Atinsky is one of the volunteer English editorial coordinators of the Israeli Web site of the Indymedia network, an international anti-globalism organization set up after the protests against the International Monetary Fund as it met in Seattle. Like all the other branches of Indymedia, the Israeli site, which has been closed for the meantime, also enabled surfers to post announcements, articles and creations as they wished, alongside reports written by organization activists.

While the major media outlets are subject to the control of several stockholders, Indymedia tried to create an alternative medium open to the public at large. Its agenda also differed from that of the major media outlets: it included, for example, extensive reports on Israel Defense Forces operations in the territories and on violence on the part of settlers, and of course, attempts to expose the seamier side of big corporations.

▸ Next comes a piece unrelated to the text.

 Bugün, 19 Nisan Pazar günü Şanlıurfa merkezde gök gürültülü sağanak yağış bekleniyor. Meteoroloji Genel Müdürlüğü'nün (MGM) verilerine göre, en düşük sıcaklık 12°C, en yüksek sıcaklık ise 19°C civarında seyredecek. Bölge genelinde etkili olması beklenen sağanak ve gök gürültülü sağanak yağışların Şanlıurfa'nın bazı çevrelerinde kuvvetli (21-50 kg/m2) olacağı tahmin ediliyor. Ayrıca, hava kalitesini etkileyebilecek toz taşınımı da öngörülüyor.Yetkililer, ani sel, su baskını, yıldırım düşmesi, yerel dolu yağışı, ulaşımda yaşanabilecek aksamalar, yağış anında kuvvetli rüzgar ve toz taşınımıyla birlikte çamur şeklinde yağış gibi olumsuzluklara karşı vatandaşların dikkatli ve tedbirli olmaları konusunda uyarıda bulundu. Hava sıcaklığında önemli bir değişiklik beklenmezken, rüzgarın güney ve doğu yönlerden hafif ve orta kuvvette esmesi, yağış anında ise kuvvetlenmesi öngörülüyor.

"We don't censor anything," says Atinsky, "but the editors have the right to erase the link to reports that call directly for violence, racist reports, clearly false reports or those that have commercial interests behind them. The reports themselves are not erased from the servers nor are the responses they elicit, because we believe in transparency and freedom of information. In most cases, the intelligent responses expose the cheap provocations."

On December 19, a Brazilian surfer, called Latuf, took advantage of the site's freedom to post a caricature depicting Ariel Sharon enthusiastically kissing Adolf Hitler. Following the post, the Police's Computer Crime Investigation Unit began an inquiry, with the approval of the attorney general, into the possibility of incitement and insulting a civil servant.